→ **Activity**: Omit all pictures. Quote only the lines from the one with "party,red birthday decor." through the end of the material below.

*** Block opens ***

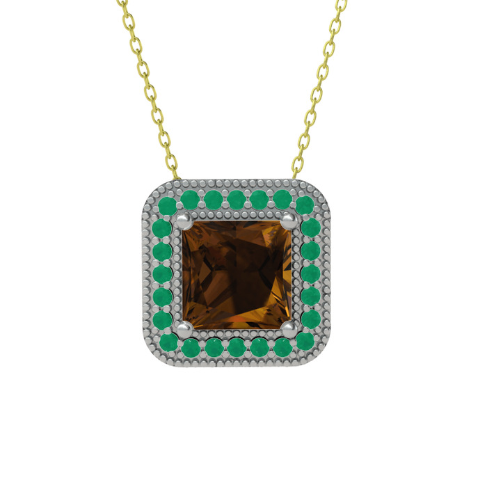 Dumanlı kuvars ve kök zümrüt 925 ayar gümüş kolye (40 cm altın rolo zincir)
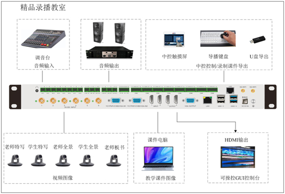 本项目是为满足校方展示传播优质课堂教学需求而建设,项目包含一间精品互动教室,实现统一控制管理、音视频调度等应用。
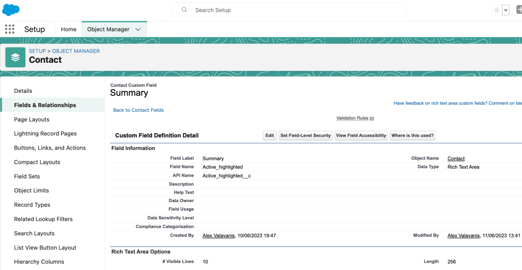 Step 1 is to create a a Rich Text field on your Contact object – Adjust the field appropriately on your page layout. See details below:
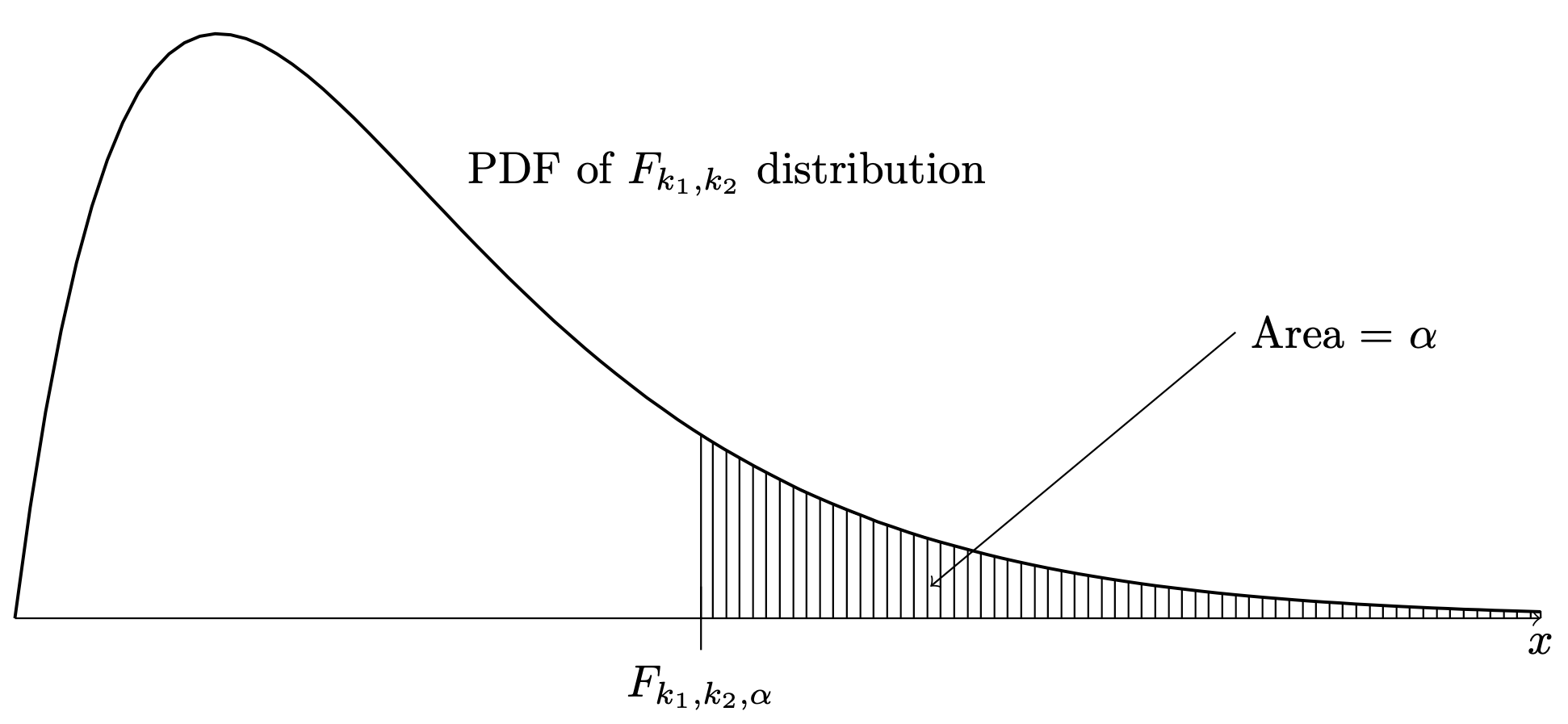 Figure 31.4: Definition of upper \(\alpha\) quantile \(F_{k_1,k_2,\alpha}\) of the \(F_{k_1,k_2}\) distribution.
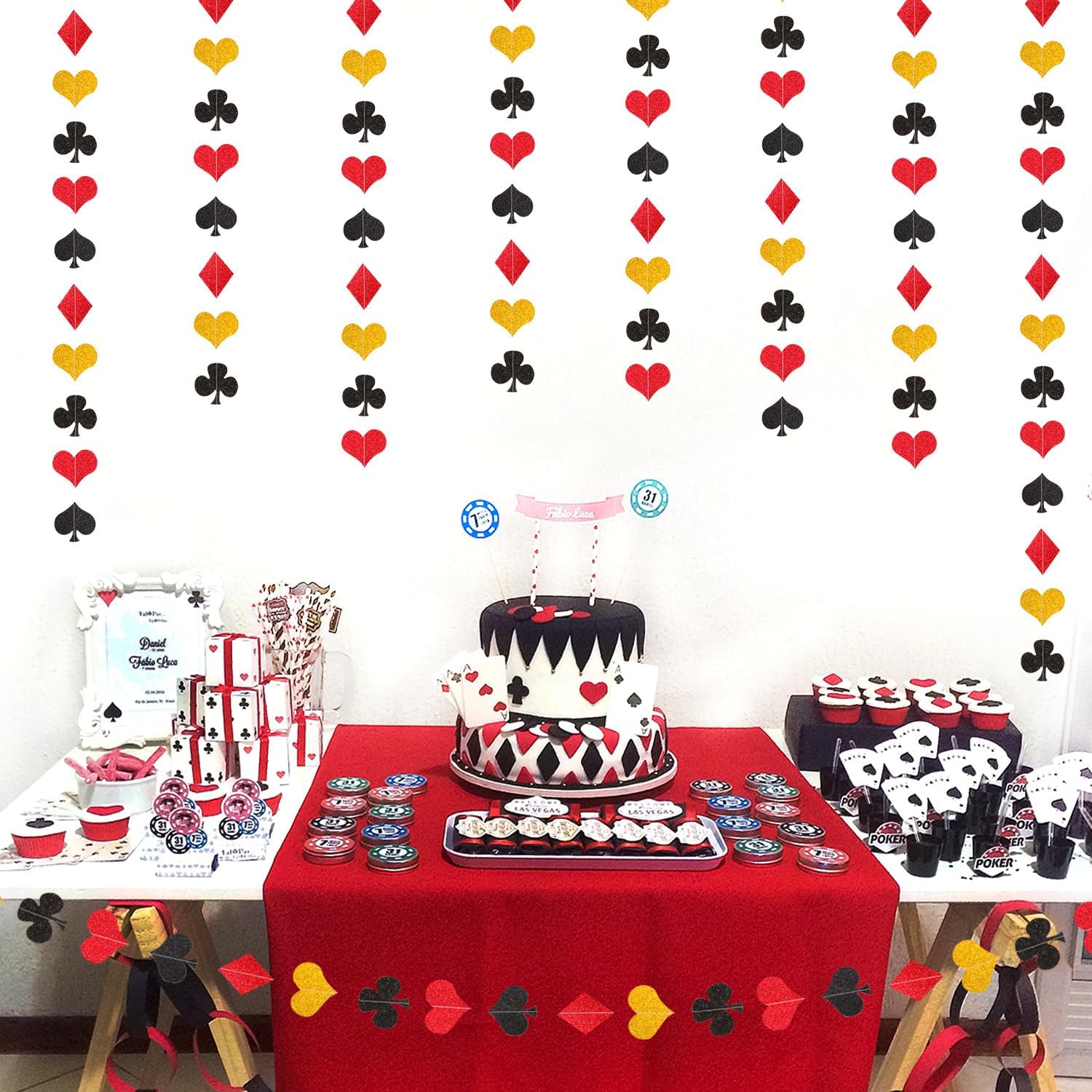 • 【Wide Use】These streamers garlands are great for indoor and outdoor events such as casino theme party decorations,game night party , poker party,red birthday decor.
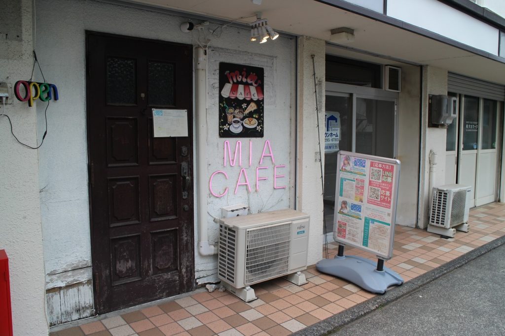 店頭には店名を知らせるネオン管が輝き、ファンシーな看板は甲府「ミアカフェ山梨店」を思わせる同系のイラストが可愛いですね。

*** Block closes ***

→ **Task solution**:
 • 【Wide Use】These streamers garlands are great for indoor and outdoor events such as casino theme party decorations,game night party , poker party,red birthday decor.
 店頭には店名を知らせるネオン管が輝き、ファンシーな看板は甲府「ミアカフェ山梨店」を思わせる同系のイラストが可愛いですね。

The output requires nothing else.